[Exercise aim] Beginning with the line that contains "Les conduits de", transcribe the rest of the listing below exactly, including its last line, and exclude any pictures.
=== Given records ===
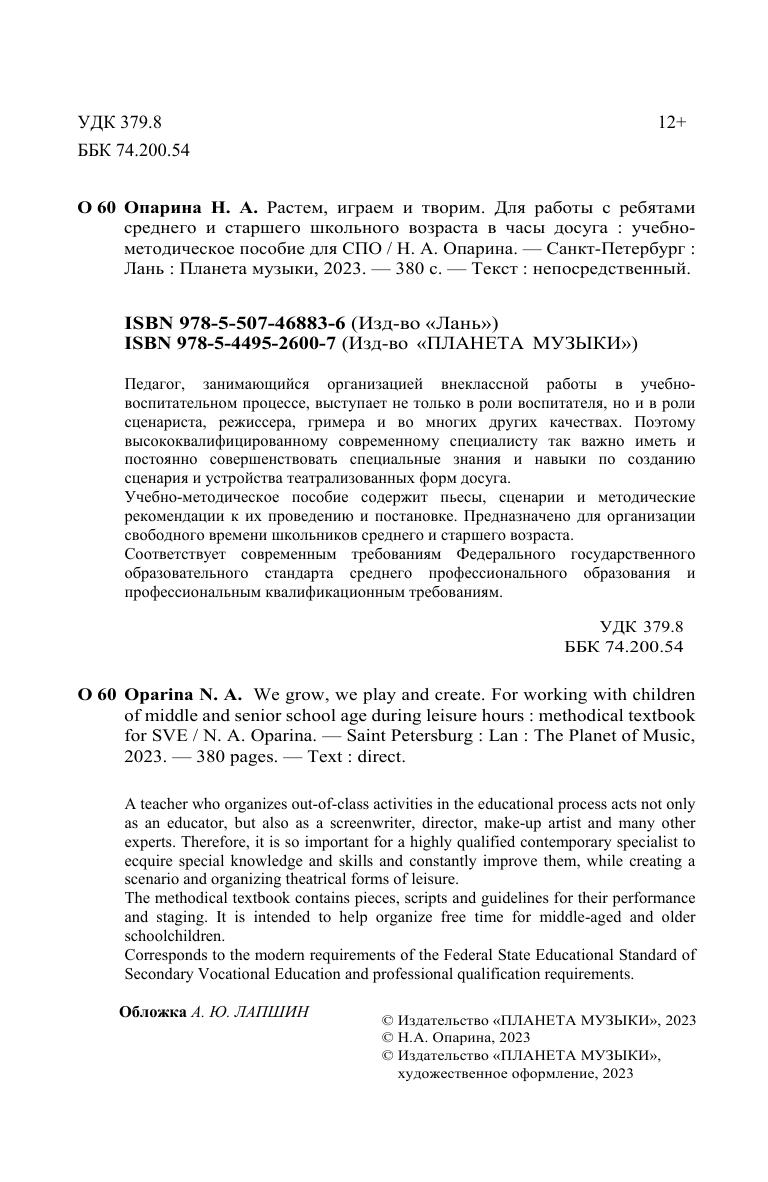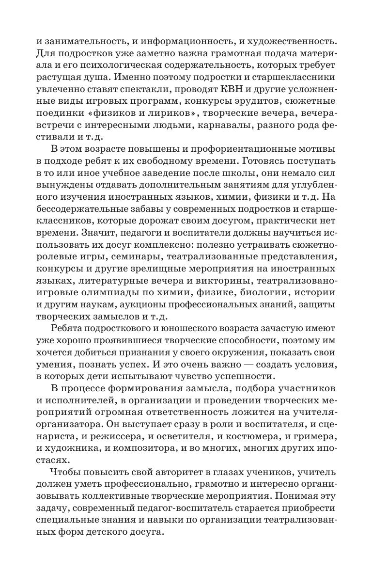 Педагог, занимающийся организацией внеклассной работы в учебно-воспитательном процессе, выступает не только в роли воспитателя, но и в роли сценариста, режиссера, гримера и во многих других качествах. Поэтому высококвалифицированному современному специалисту так важно иметь и постоянно совершенствовать специальные знания и навыки по созданию сценария и устройства театрализованных форм досуга Учебно-методическое пособие содержит пьесы, сценарии и методические рекомендации к их проведению и постановке. Предназначено для организации свободного времени школьников среднего и старшего возраста. Соответствует современным требованиям Федерального государственного образовательного стандарта среднего профессионального образования и профессиональным квалификационным требованиям. A teacher who organizes out-of-class activities in the educational process acts not only as an educator, but also as a screenwriter, director, make-up artist and many other experts. Therefore, it is so important for a highly qualified contemporary specialist to ecquire special knowledge and skills and constantly improve them, while creating a scenario and organizing theatrical forms of leisure. The methodical textbook contains pieces, scripts and guidelines for their performance and staging. It is intended to help organize free time for middle-aged and older schoolchildren. Corresponds to the modern requirements of the Federal State Educational Standard of Secondary Vocational Education and professional qualification requirements.
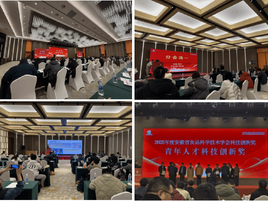 本次论坛设大会报告、分会场专题研讨及研究生论坛等环节。杜传来在分会场一主持专题汇报环节。期间,食品科学与工程学院青年教师黄明远、赵金龙分别作学术报告。黄明远作了题为“电荷驱动肌肉蛋白-多糖复合物的形成机制及其功能特性研究”的学术报告,展示了我校在食品蛋白质功能化领域的最新进展,赵金龙围绕“小麦多组分过敏原的交叉致敏机制与免疫检测研究”分享了其团队在食品安全检测方向的研究成果。报告内容扎实、视角前沿,展现了我校教师扎实的科研能力和学科特色,受到了与会专家的关注与好评。会上还举行了2025年度安徽省食品科学技术学会科技创新奖颁奖仪式,食品科学与工程学院青年教师杨丽萍、孟静南获青年人才科技创新奖。
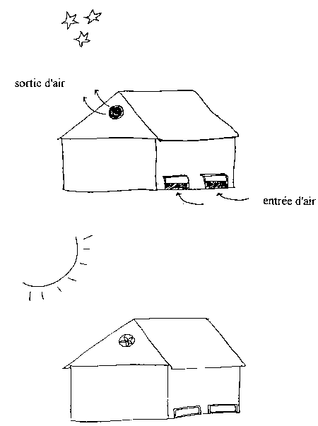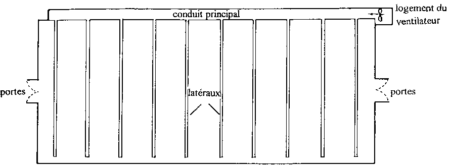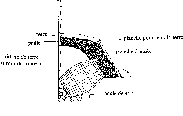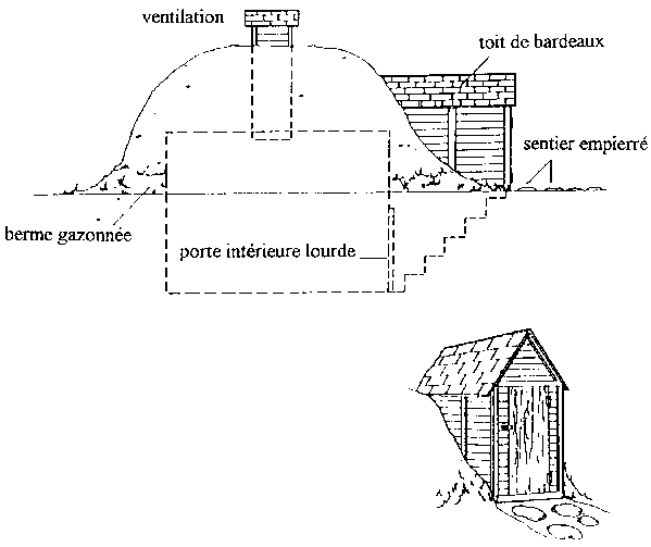 Les conduits de ventilation pour les entrepôts peuvent être verticaux ou horizontaux. L'entrepôt à pommes de terre montré ci-dessous apporte une bonne ventilation grâce à des matériaux simples. L'entrepôt peut être de n'importe quelle taille ou forme puisque les conduits peuvent être placés de manière égale partout.
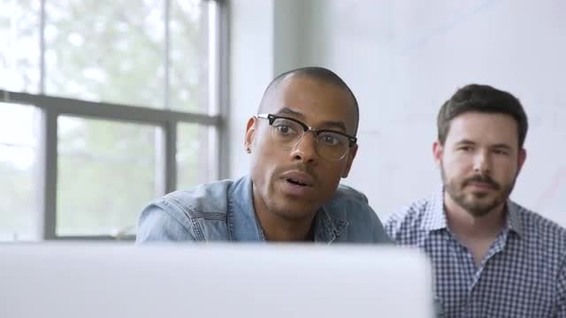 > Business people video chatting in startup office
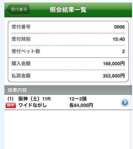 会員様情報では◎12インディチャンプからのワイド2点指示で4.2倍的中となり、35万2800円の払い戻しとなりました。
===
[Your solution]
 Les conduits de ventilation pour les entrepôts peuvent être verticaux ou horizontaux. L'entrepôt à pommes de terre montré ci-dessous apporte une bonne ventilation grâce à des matériaux simples. L'entrepôt peut être de n'importe quelle taille ou forme puisque les conduits peuvent être placés de manière égale partout.
 > Business people video chatting in startup office
 会員様情報では◎12インディチャンプからのワイド2点指示で4.2倍的中となり、35万2800円の払い戻しとなりました。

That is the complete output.